Untuk menyamakan persepsi tersebut, tambah Herman, pada Senin (3/3) diadakan Workshop Media bertema Revitalisasi Peran media dalam Pencegahan Terorisme yang diselenggaran Forum Koordinasi Pencegahan Terorisme Provinsi Kalsel di Banjarmasin.

Herman mengungkapkan, diadakannya workshop atau pelatihan tersebut, bukan berarti Kalsel terdapat indikasi adanya terorisme, tetapi semata-semata untuk pencegahan dini agar daerah ini tetap kondusif, tidak dimasuki oleh orang-orang yang tidak bertanggungjawab.

Menurut Herman, situasi Kalsel yang saat ini cukup kondusif, bisa dimanfaatkan oleh orang-orang yang ingin bertindak jahat untuk bersembunyi atau menyusun strategi.

Selain itu, kata dia, Kalsel yang kaya sumber daya alam, baik pertambangan maupun perkebunan, juga menjadi lahan yang menjanjikan untuk mencari dana dalam melakukan misi terorisme yang mungkin kini sedang disusun.

"Melihat kemungkinan tersebut, kita ingin melibatkan seluruh pihak, bukan hanya media, tetapi masyarakat luas, untuk melakukan pencegahan dini. Ini sangat penting untuk dilakukan," katanya.

Menurut Herman, forum yang sekarang sudah terbentuk di 13 kabupaten/kota se Kalsel, bahkan tingkat kecamatan itu, dirancang agar bisa memberikan informasi yang lebih cepat, terkait berbagai hal yang terjadi di masyarakat, sehingga bisa dilakukan pencegahan dini.

Herman yang juga Kepala Badan Kesatuan Bangsa dan Politik (Kesbangpol) Provinsi Kalsel mengatakan, upaya tersebut juga sebagai antisipasi, karena diyakini saat ini tidak ada daerah yang dinyatakan 100 persen bebas ancaman aksi teroris dan gangguan ketertiban masyarakat.

"Dari pertemuan kami dengan BNPT (Badan Nasional Penanggulangan Teroris) beberapa hari lalu di Jakarta, dapat disimpulkan tidak ada daerah yang aman dari teroris, jadi semua harus waspada," katanya.

Bahkan, tambah dia, insiden seperti penemuan senjata rakitan dan aksi perampokan toko yang beberapa kali terjadi, patut dijadikan indikasi adanya ancaman terorisme, dan itu perlu kewaspadaan bersama.

Deputi I BNPT Mayjen Agus Surya Bakti sebagai pemateri utama bertema Radikalisme dan Terorisme sebagai Ancaman Nasional mengatakan, peran media sangat penting untuk menyampaikan fakta ke masyarakat.

"Fakta tersebut harus disampaikan secara bertanggungjawab untuk mencerdaskan masyarakat dan menciptakan suasana damai.
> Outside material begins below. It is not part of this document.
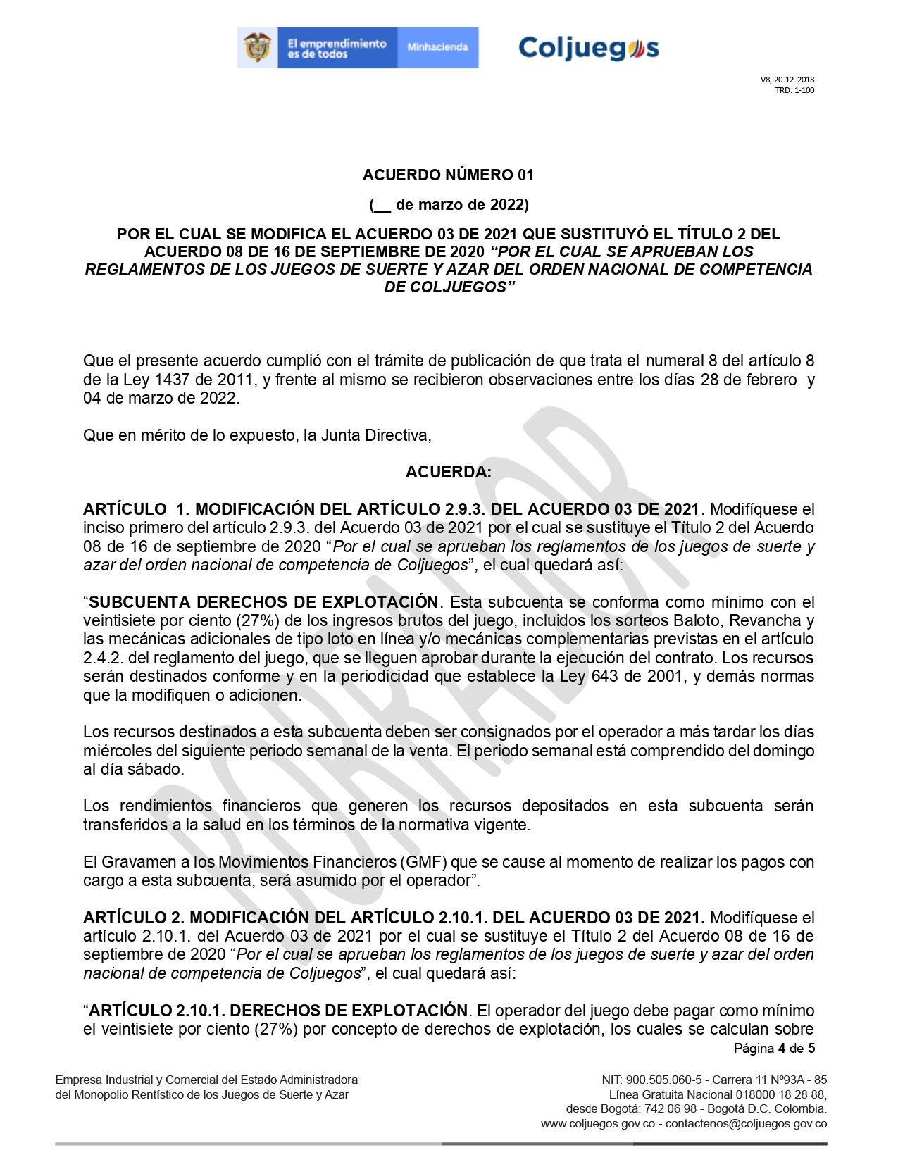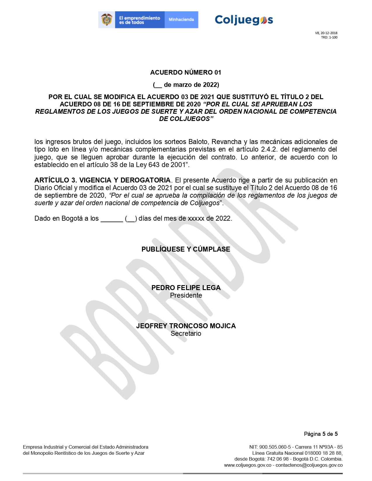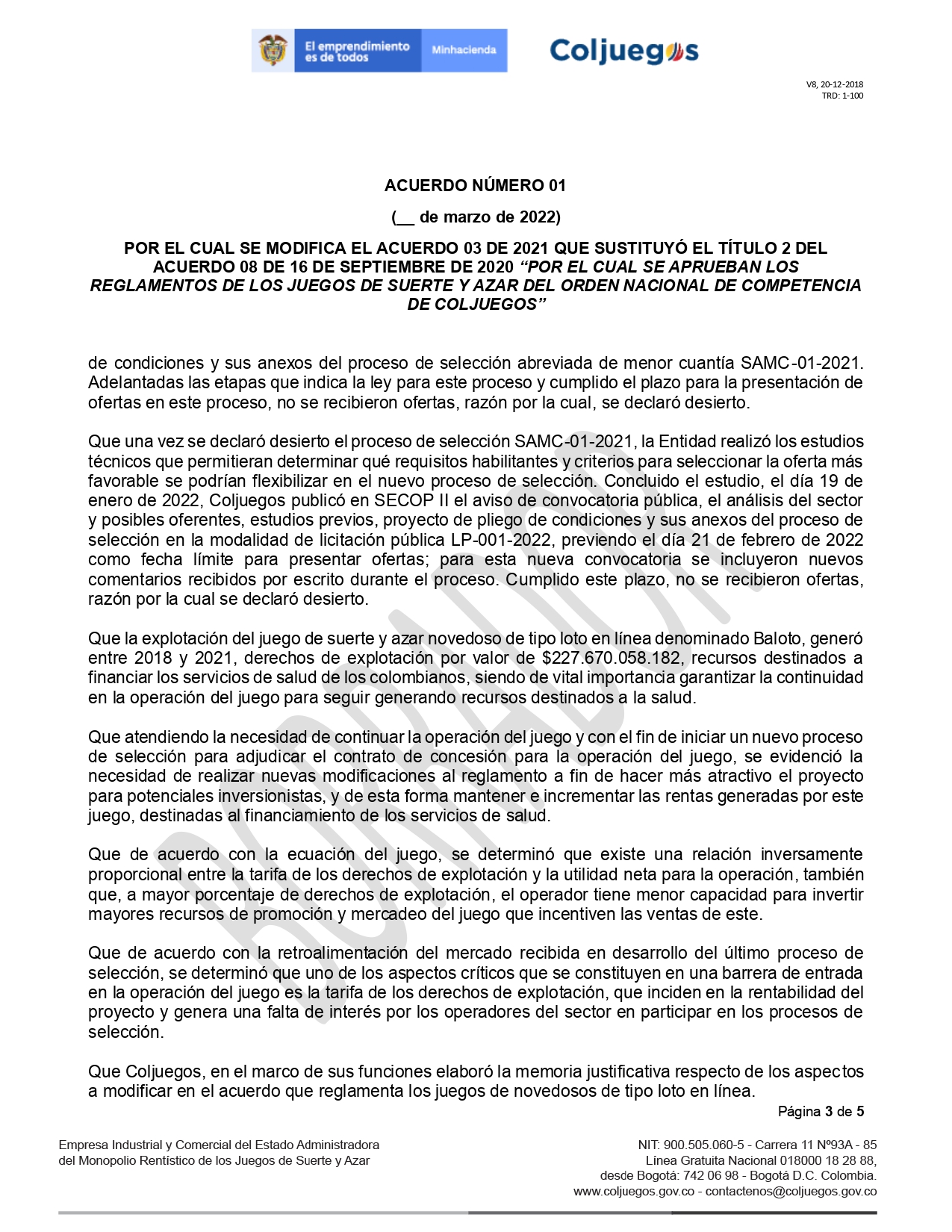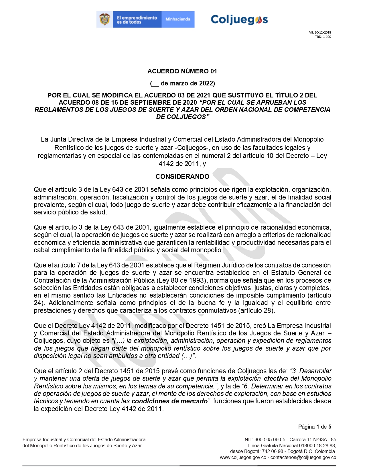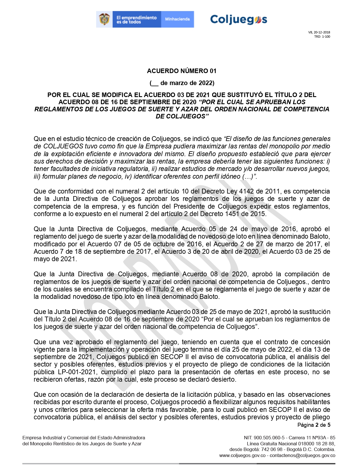 Coljuegos publico el proyecto de acuerdo por el cual se modifica el Acuerdo 03 de 2021 que sustituyó el título 2 del Acuerdo 08 de 16 de septiembre de 2020 por el cual se aprueban los reglamentos de los juegos de suerte y azar del orden nacional de competencia de Coljuegos.

Jangan sampai fakta yang disampaikan menjadi sentimen sensitif terhadap agama," katanya.

Dia juga mengharapkan agar media massa mampu mensinergikan semua kepentingan masyarakat di daerah untuk mencegah masuknya ideologi teroris.

  "Kalsel memang masih belum menujukkan adanya gangguan keamanan yang berbahaya, tetapi kita harus waspada, karena teroris mencari tempat yang dianggap aman untuk merencanakan kegiatan dan memegaruhi masyarakat," katanya.